Anna, 21: Halb so schlimm

Anna, 21: Halb so schlimm

Auch ich gehöre zu den Menschen, die sich Zahnbehandlungen schlimmer ausmalen als sie am Ende sind. Ich habe ein bis zwei Jahre gewartet, nachdem ich das erste mal ein drücken der Zähne gesprüt habe, bis ich den Arzt habe röntgen lassen. (Vorher wollte er auch nichts sehen; er war sich sicher, dass meine Backenzähne noch Milchzähne waren…)

Die Panik vorher:
Ich habe zwei Überweisungen zum Kieferchirurgen bekommen (ich konnte zwischen zweien auswählen) und konnte mich zunächst nicht entscheiden, zu welchem im gehen sollte.
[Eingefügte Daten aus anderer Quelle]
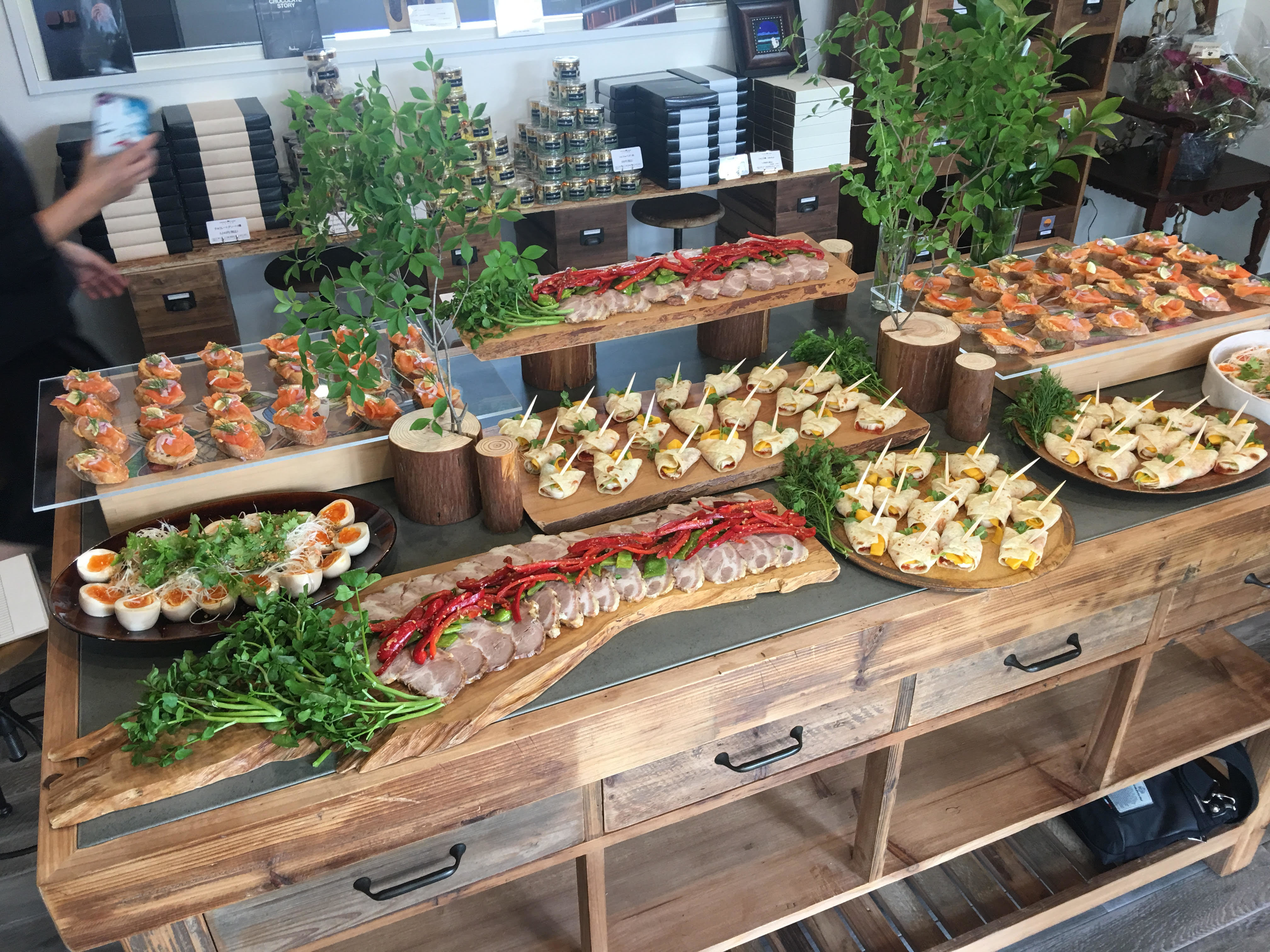 The finger foods for the opening party of CHOCOLABOU was prepared by Ms. Satoko Kobiyama, of Yama Foods.
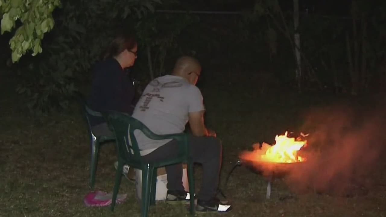 Algunos residentes se ven obligados a pasar la noche bajo una fogata mientras otros desempolvan generadores de energía. Técnicos trabajan incansablemente para restaurar el servicio.

Als ich mich dann entschieden hatte, durfte ich, mit Baldrian bewaffnet, zwei Wochen auf den Beratungstermin warten. Ich habe verschiedene Unterlagen zugesendet bekommen, unter anderem „Risiken einer Vollnarkose“. Dort standen Risiken wie „gesunde Zähne verlieren“ oder „bluttransfusion kann nötig werden und dann sollte man darüber nachdenken, sich selbst im vorhinein Blut zu spenden, um bloß nicht an HIV zu erkranken […]“ und das hat mir noch mehr den Schlaf geraubt, da ich mir die OP nicht ohne Vollnarkose vorstellen konnte. Teilweise konnte ich die Risiken auch nicht nachvollziehen…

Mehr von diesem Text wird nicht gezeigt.